I recount the past, my friend, and I apologize. The now is me relaying the words of my people: give us your money. Horrible, n’est pas? We want your tips and for some reason we don’t want to work too hard for them; I exaggerate, but this is all such new. Still novel after all of these months and months. You, Me - at the Oak, that was fine. But I am now a bartender; I am an alright sort and I try. And yet I see you and me on the stools of Centretown - the Where of our last meet and good-bye.
Me being too much the customer for this sort of work of my say; you know me - what do you think?
Sorry. And as I bring up my restaurant as a pack of common thought, to speak for them all, I say a sorry: that be the Centretown in me, the overuse of the plural.
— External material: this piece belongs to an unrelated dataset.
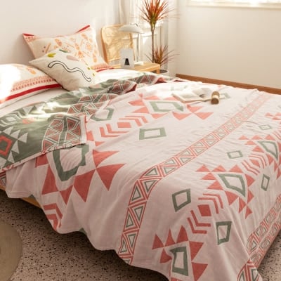Cotton Gauze Bohemian Geometric Reversible Quilt

But my people are not happy with the end of summer. This Prince Holmwood - our newly head chef - prides himself on the soup of the day, and as far as aspirations go I applaud him outright. He is of standard wage and none of tip, receiver of secret white envelope every second week - a lot of under-the-table, my friend, but such is the way. He is an overly sensitive soul - the good and the bad within one tiny person. Caffeine keeps him running, chasing those that make comment about soup or shade of blood left in meat: he is old school for such a young man - pride and the ability to run you down with a knife he has personally whet. It brings temporary colour to his wan; we laugh and know how to toe the line of his mania, how to avoid or stroke his depression.
He is not happy, because his friend is gone and replaced by only himself.
We complain, because business is slow and there is not enough to go around at this here High School Bar and Grill out in the burbs, semi-burbs really. Do you remember or know it? We complain to an owner that is never there. I speak of staff and money but I truly feel the customers: do they not realize that we talk about them, give them nicknames to align with their quirks?
This Prince Holmwood has come to a realization at the tender age of twenty-three: the stare back. I can see it from the bar most nights; doe eyes of his on-the-life training. My vantage is slightly above, peering down to a semi-open kitchen concept. My friend, everything is so different from this side, from my Now direction. From my own look back at. But this just a Say, about us once younger and of very different appearance - the 90’s and those days of our long hair and grunge; I feel we are about ready for a retrospective. I feel about ready for a reunion.
My friend, something is very wrong with me writing to you after all of these many months turned to years. I wish not to alarm you, but there is something very screwed with me paying $650 for an entire bachelor the size of our old living room on Mcleod Street: God bless this Silicon Valley of the North and all of its stock market trappings.
Wanted: roommate and or lover willing to share.
How be Toronto? Just as bad? But it is all so much newer here in Ottawa, in our Centretown.
My friend, something is very wrong. I have such a very long story beyond mere catch up to tell you; I shall scrape together the will to send this letter, to find its proper address and corresponding phone number with T.O. prefix. I wish to find the necessary time for a maybe bus ticket and ride of that sorry steel Pooch down to you.